Ариша пожала плечами. Подумала, что действительно стала смелее. Точнее, сильнее.

— Жизнь научила. — Продолжать разговор не хотелось, но лучше уж спрашивать самой, чем раз за разом нарываться на каверзные вопросы. — В Любашевку собралась? — Девушка кивнула на огромный чемодан. — В гости или насовсем?

Спросила из вежливости, наугад, но Клара взвилась, словно Арина наступила ей на мозоль:

— Важная стала, да? Думаешь, муж вернулся, и сразу жизнь наладилась?

— Откуда знаешь, что мы с Макаром теперь вместе?

Арина и в самом деле удивилась. Не ожидала, что Клара интересуется ее судьбой.

— Знаю, и все. Вот только покой тебе не светит.

Неприятный холодок прошелся по спине. Арина даже поежилась. Потом напомнила себе, что словам бывшей подруги доверять не стоит.

— Этого никто знать не может. Тебе-то какое дело? Я в твою жизнь не лезу.

— Лезешь. Всегда лезла. Одним существованием своим. Ты — словно кость в горле, Горенко. Только на этот раз я молчать не стану.

Арина поднялась. Что-то подсказывало ей, что сейчас прозвучит что-то очень неприятное. Возможно, страшное.

— Ничего слушать не хочу. Наш автобус прибыл. Надеюсь, сидим мы не рядом.

— Нет, ты послушай. Подруга. Может, ума наберешься. Наконец.

Арина ясно видела, что Клара ее ненавидит. Понимала, что продолжать разговор глупо. Вот только выслушать придется. И не только потому, что не хочется устраивать потасовку посреди автовокзала. Она узнает новости, какими бы они не оказались. Арина смотрела прямо в злые, густо подведенные глаза.

— Ладно. Говори.

— Думаешь, Макар тебя любит? — Клара нависла над ней с высоты своего роста, да еще немалых каблуков. — Пожалел он тебя, дуру. Он же известный жалельщик. Антон мне много о нем рассказывал. Да-да, мы с ним виделись все это время. И не в куклы играли, сама понимаешь. И как, интересно теперь знать, почему Макарушка с тобой, бедняжкой, носится? Даже разводиться передумал, дуралей.

Арина прошептала вдруг онемевшими губами:

— Почему?

— Брательника своего прикрывает. Только такая недалекая, как ты, Горенко, могла переспать не с тем братом.

Она не верила — не могла поверить в такую чудовищную… чудовищную….

Арина не сдержалась, ухватила Клару за отвороты плаща, выдохнула прямо в лицо:

— Ложь! От начала и до конца!

Клара задергалась, пытаясь отцепить ее пальцы. Лицо исказила испуганная и брезгливая гримаса. Она явно не ожидала нападения.

— Угомонись, убогая! На автобус опоздаем.

— Скажи, что все выдумала — мне назло.

— Правда это. Очнись, наконец! Не любит тебя никто. Никому ты не нужна.

Руки упали, словно плети. Накатила усталость.

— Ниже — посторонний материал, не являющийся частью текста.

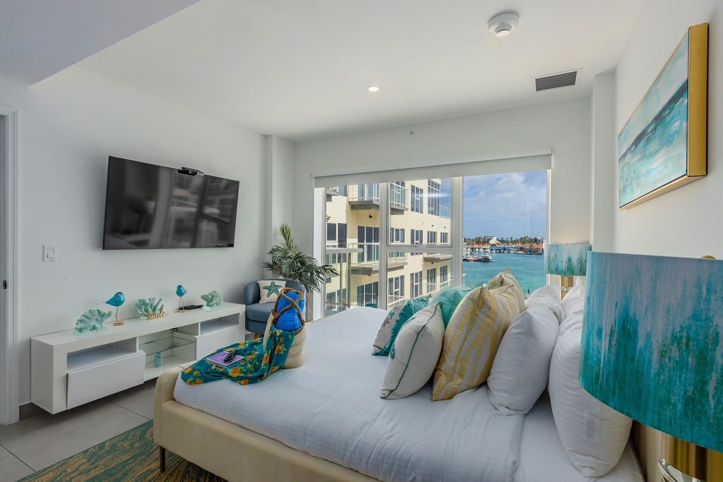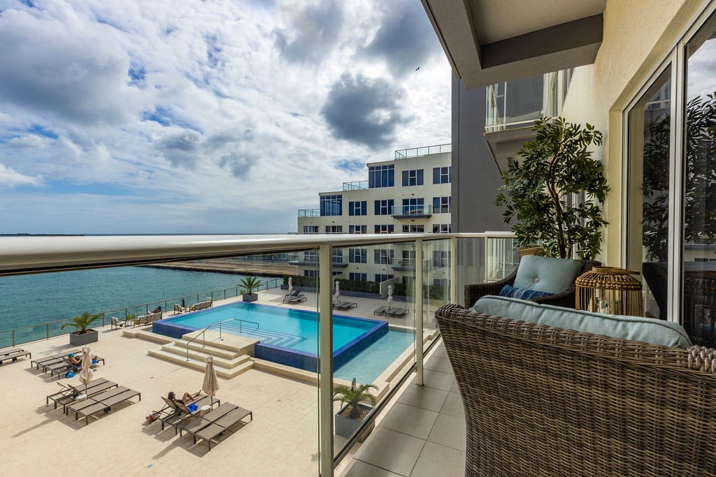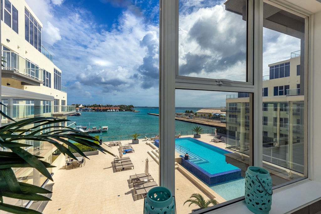 • A stunning infinity pool overlooking the Oranjestad Marina wit tropical deck create a relaxing environment at the center of the complex with poolside lounges and umbrellas from 8:00 am to 9:00 pm.
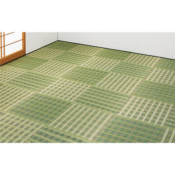 市松模様 い草花ござ/敷物 【グリーン 江戸間3畳用】 折りたたみ式 抗菌防臭効果 〔リビング ダイ・・・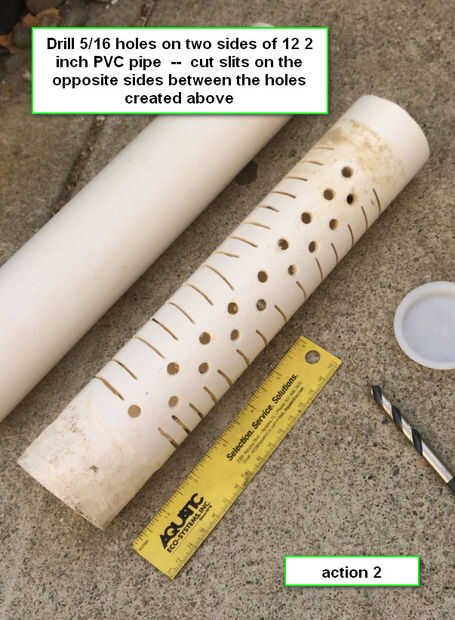 Perfore agujeros de 5/16 en dos lados de 12 tubos de PVC de 2 pulgadas--corte ranuras en los lados opuestos entre los agujeros creados anteriormente.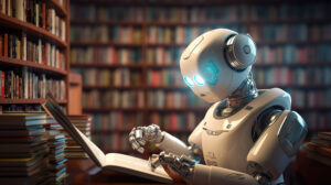 ai robot reading book in library, learning and technology knowledge concept, Generative AI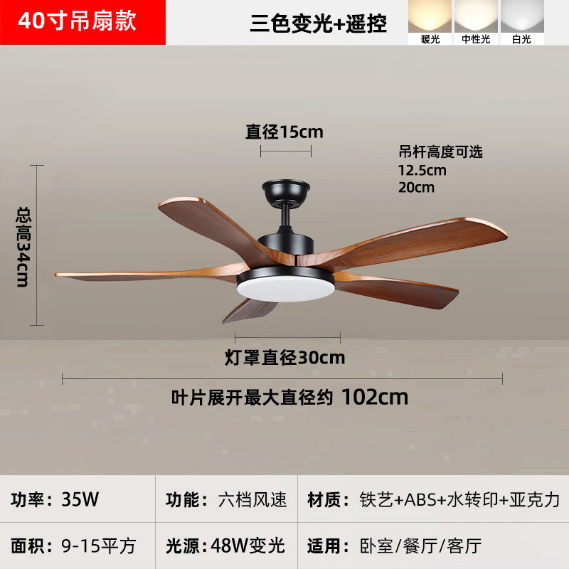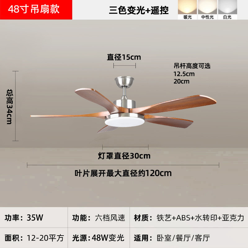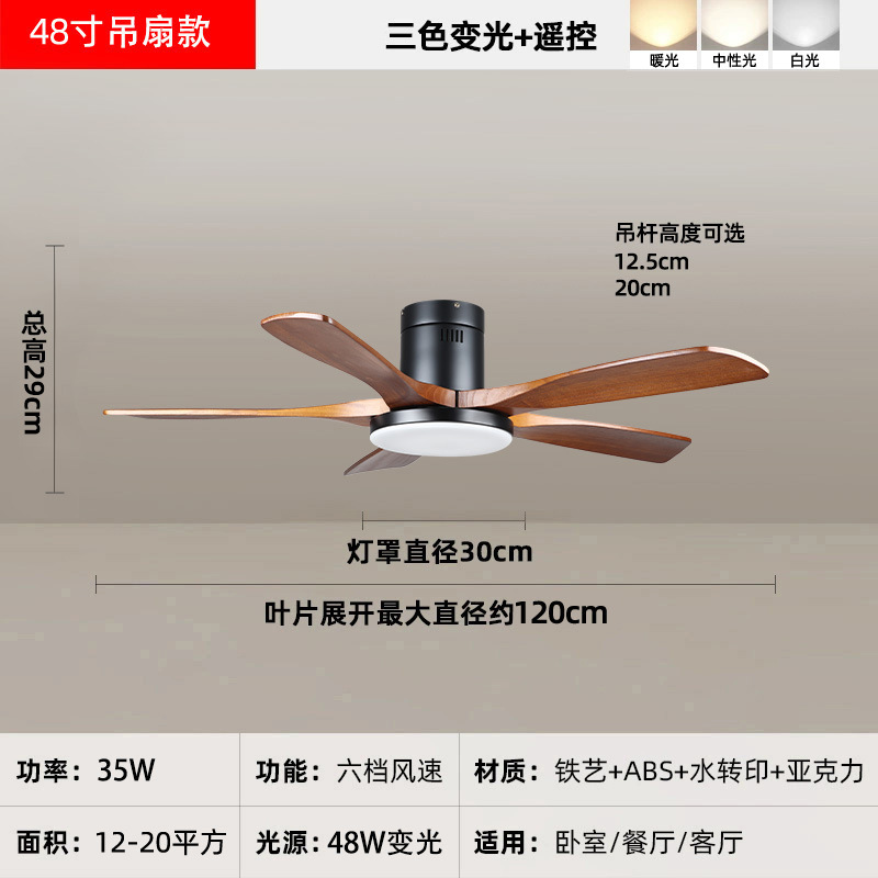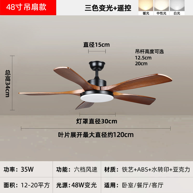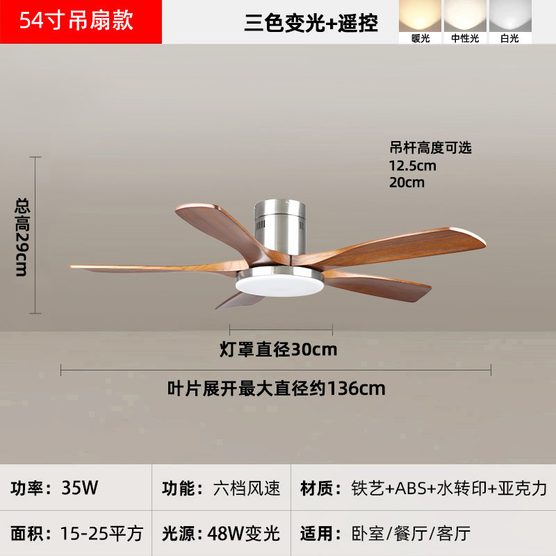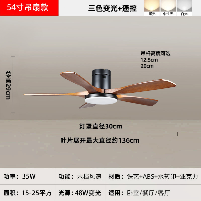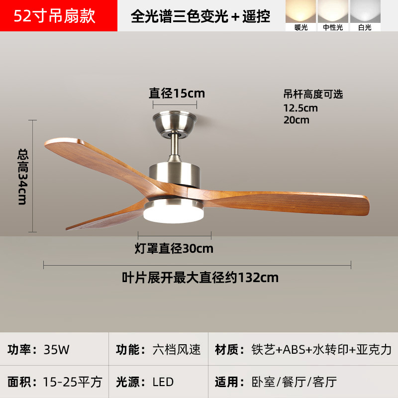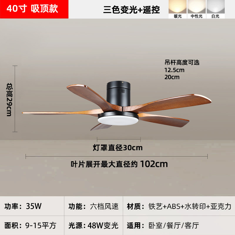 中古风复古餐厅扇灯客厅灯2026新款胡桃木色吸顶电扇灯静音卧室灯

И вдруг откуда-то пришла спасительная мысль, что все не так. Ее, Арину, как раз любят, по крайней мере, сын и дедушка. А еще у нее есть Стелла Семеновна и Ираида Силантьевна. А у Клары… Вот кого никто не любит. Именно поэтому она и возвращается в Любашевку, откуда хотела вырваться любой ценой.

Арина отступила на шаг. Кивнула в сторону автобуса.

‍​‌‌​​‌‌‌​​‌​‌‌​‌​​​‌​‌‌‌​‌‌​​​‌‌​​‌‌​‌​‌​​​‌​‌‌‍— Езжай. Может, дома ты найдешь то, что ищешь.

Ее голос звучал так спокойно, что девушка сама себе удивлялась. А Клара — у той глаза стали похожи на блюдца. Губы задергались.

— Ты, и правда, больная. Страшно ехать с тобой в одном автобусе.

— А мы и не поедем. Я передумала.

Арина повернулась к Кларе спиной, подняла сумку, которую совсем недавно собирала с памятным удовольствием, и направилась прочь — подальше от бывшей подруги.

* * *

Казалось, она ничего не чувствует. Неожиданно потеряла такую способность.

И мыслей не осталось. Они куда-то исчезли.

Лишь ноги шагали в неизвестном направлении. И Слава Богу. Значит, она жива. А все остальное вернется. Когда-то.

Если бы кто-то вдруг поинтересовался, куда она движется, Арина не ответила бы, поскольку ничего не слышала. Эти внешняя глухота и внутренняя немота убивали, но ничего поделать с этим девушка не могла.

Как оказалась у моста Маляров, она не помнила. Сразу выделила знакомую сухопарую фигурку, хлопочущую возле какого-то юноши с мольбертом. Стелла Семеновна тыкала пальцем то вдоль реки, то в сторону солнца. Неугомонная, что-то советовала очередному дарованию.

Еще утром она помогала Арине паковать вещи. Как давно это было!

Может, и ей стоит попросить совета у опытной женщины? Жизненного. Важного. Возможно, самого-самого. Однако тогда придется рассказать обо всем, и прежде всего о человеке, который обманом изменил всю ее жизнь.

Арина переложила сумку из одной руки в другую, вдруг почувствовав ее тяжесть.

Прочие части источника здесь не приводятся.